[[ Source information, beginning ]]

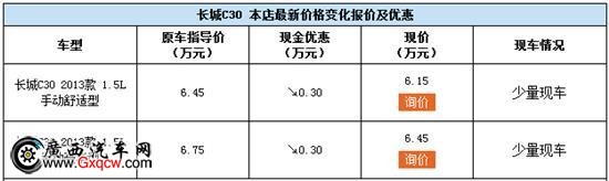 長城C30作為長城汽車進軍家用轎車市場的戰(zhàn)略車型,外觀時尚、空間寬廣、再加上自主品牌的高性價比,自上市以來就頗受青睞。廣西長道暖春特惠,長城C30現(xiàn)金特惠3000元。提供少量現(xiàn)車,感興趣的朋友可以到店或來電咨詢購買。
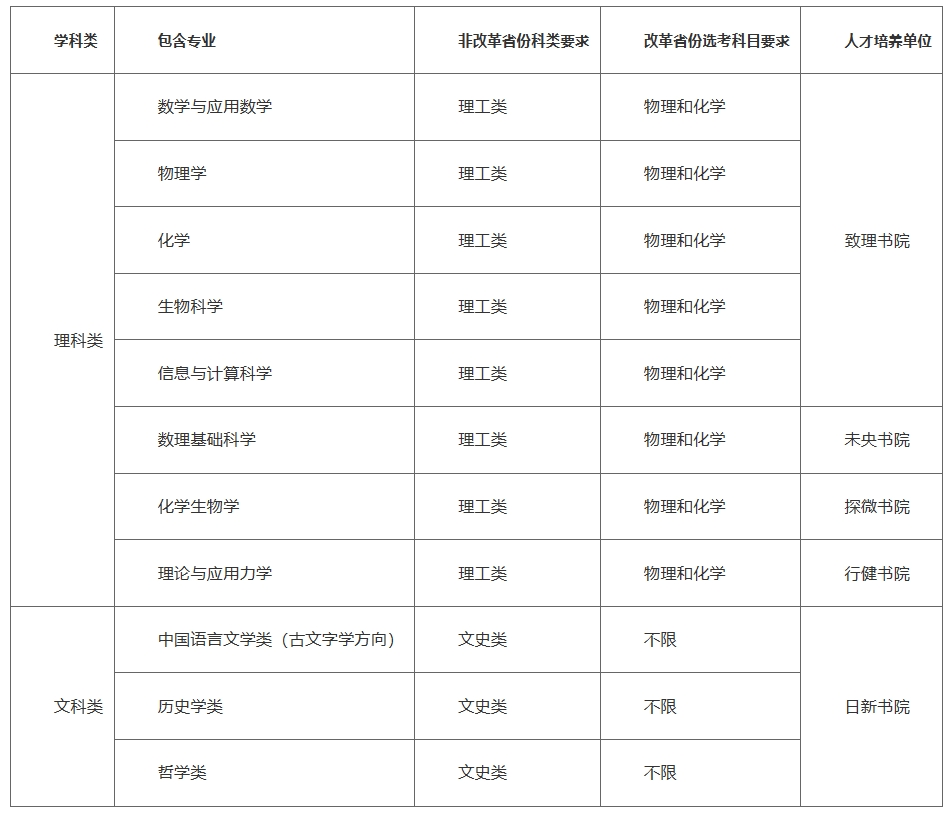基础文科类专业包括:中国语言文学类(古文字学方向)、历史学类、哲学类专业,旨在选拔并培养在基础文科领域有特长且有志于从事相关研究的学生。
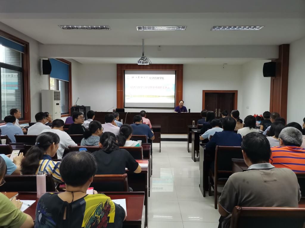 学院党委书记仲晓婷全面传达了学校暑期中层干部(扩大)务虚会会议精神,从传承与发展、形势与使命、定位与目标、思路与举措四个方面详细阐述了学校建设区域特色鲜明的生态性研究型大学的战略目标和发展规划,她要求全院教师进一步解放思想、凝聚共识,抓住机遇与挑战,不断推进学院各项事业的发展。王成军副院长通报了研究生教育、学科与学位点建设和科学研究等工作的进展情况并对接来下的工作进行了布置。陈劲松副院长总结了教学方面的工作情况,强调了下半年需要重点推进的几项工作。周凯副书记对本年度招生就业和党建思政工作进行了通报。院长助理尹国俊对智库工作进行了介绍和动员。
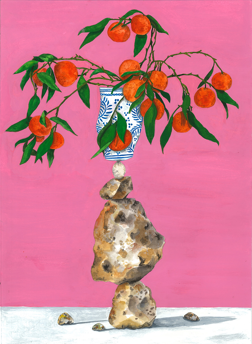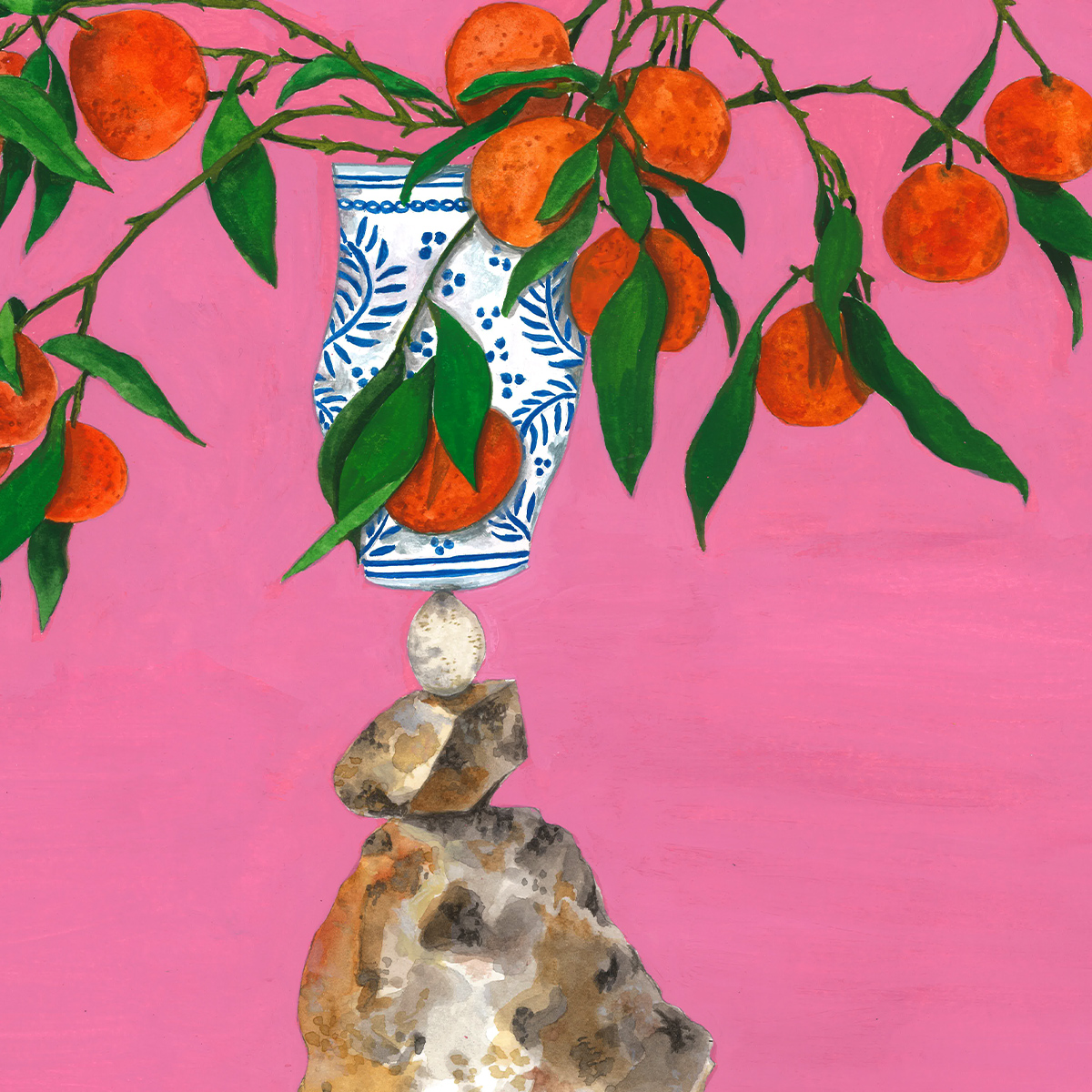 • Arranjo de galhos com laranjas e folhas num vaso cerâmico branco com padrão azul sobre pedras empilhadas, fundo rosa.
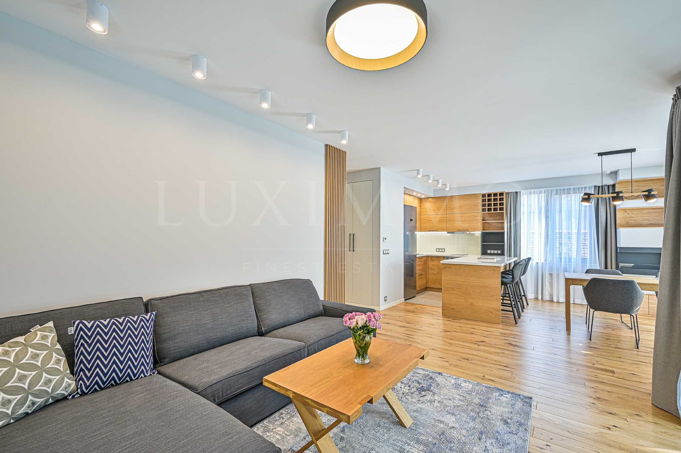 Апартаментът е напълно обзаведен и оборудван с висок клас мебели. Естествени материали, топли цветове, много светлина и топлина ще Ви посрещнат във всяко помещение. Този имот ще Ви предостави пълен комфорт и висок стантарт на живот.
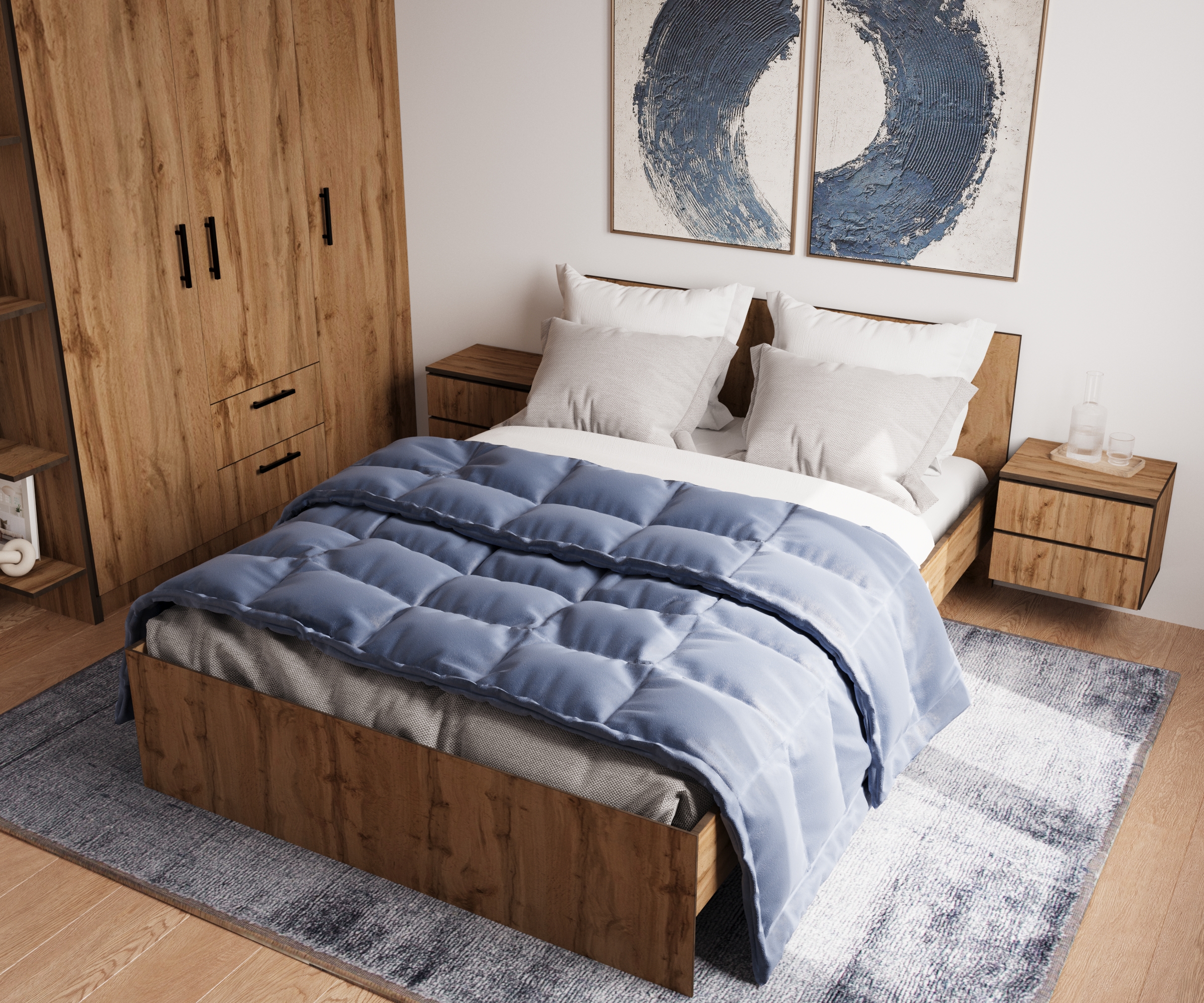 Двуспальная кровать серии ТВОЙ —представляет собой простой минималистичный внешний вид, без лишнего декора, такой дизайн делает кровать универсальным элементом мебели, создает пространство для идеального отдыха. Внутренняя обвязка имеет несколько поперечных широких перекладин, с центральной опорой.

[[ Source information, end ]]

Copy out nothing but the lines from the beginning of the records through the one that contains "学院党委书记仲晓婷全面传达了". Skip the pictures.

 長城C30作為長城汽車進軍家用轎車市場的戰(zhàn)略車型,外觀時尚、空間寬廣、再加上自主品牌的高性價比,自上市以來就頗受青睞。廣西長道暖春特惠,長城C30現(xiàn)金特惠3000元。提供少量現(xiàn)車,感興趣的朋友可以到店或來電咨詢購買。
基础文科类专业包括:中国语言文学类(古文字学方向)、历史学类、哲学类专业,旨在选拔并培养在基础文科领域有特长且有志于从事相关研究的学生。
 学院党委书记仲晓婷全面传达了学校暑期中层干部(扩大)务虚会会议精神,从传承与发展、形势与使命、定位与目标、思路与举措四个方面详细阐述了学校建设区域特色鲜明的生态性研究型大学的战略目标和发展规划,她要求全院教师进一步解放思想、凝聚共识,抓住机遇与挑战,不断推进学院各项事业的发展。王成军副院长通报了研究生教育、学科与学位点建设和科学研究等工作的进展情况并对接来下的工作进行了布置。陈劲松副院长总结了教学方面的工作情况,强调了下半年需要重点推进的几项工作。周凯副书记对本年度招生就业和党建思政工作进行了通报。院长助理尹国俊对智库工作进行了介绍和动员。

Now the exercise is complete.